What about shares sold subsequent to 1995? If Gates sold Microsoft
shares to purchase shares in cable TV companies, Corbis, or whatever,
we assume that these investments have performed about as well as
Microsoft. What about charity? Bill Gates is directly involved in
managing his charitable foundation. So he and his plaintiff still control the money
and it remains a form of wealth, e.g., available for Gulfstream charter.
The clock adjusts for the
divorce lawsuit filed by Melinda Gates by assuming that the
plaintiff gets half and that the defendant had to pay 100 percent of
the legal fees on both sides. (See Real World
Divorce for more on the process of American divorce litigation.)
How it Works
... is explained in somewhat simplified form, including source code,
in Chapter 10 of Philip and Alex's Guide
to Web Publishing.
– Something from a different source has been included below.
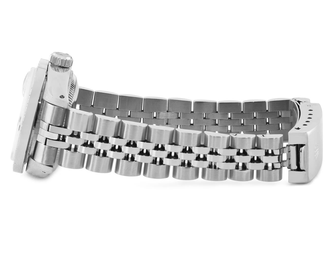 One Rolex Ladies Pre Owned Stainless Steel Date Wristwatch Polished Bright with Satin Finish, Serviced & Electronically Tested, Stainless Steel Case: 26mm, Stainless Steel Crown, Custom Bezel: New Stainless Steel Diamond Bezel, Diamond Count: 44 Diamonds. Custom Crystal: New Sapphire With Magnified Date Window. Custom Hands: New Luminescent Hands. Rolex Movement: Automatic Winding Movement 2035. Rolex Dial: Factory Silver Dial With Index Hour Markers And Lumi Dots. Date Window: 3 O'Clock Position Date Display, Model: Date. Condition: G-6 Extra Fine. Rolex Bracelet: Stainless Steel Jubilee Band. Bright Polish And Satin Finish. 6.0 Inch Length, Adjustable. Standard Clasp, With Rolex Logo. This Watch Has Been Serviced And Time Tested. It Is In Excellent Condition, Free Of All Scratches And Dents. This Watch Comes With A Rolex Box.

The clock was built back
in 1995 as an example for MIT students of the future of Web service
design: servers that combine information and services from other
servers
(see http://philip.greenspun.com/teaching/teaching-software-engineering). Ironically this approach to distributed computing was ignored by most of the rest of the world except for one
company: Microsoft! Microsoft .NET
was the first environment with extensive support for building applications like this
wealth clock.
The original source
code is available and is intended primarily for Computer Science
majors working through the textbook Software
Engineering for Internet Applications.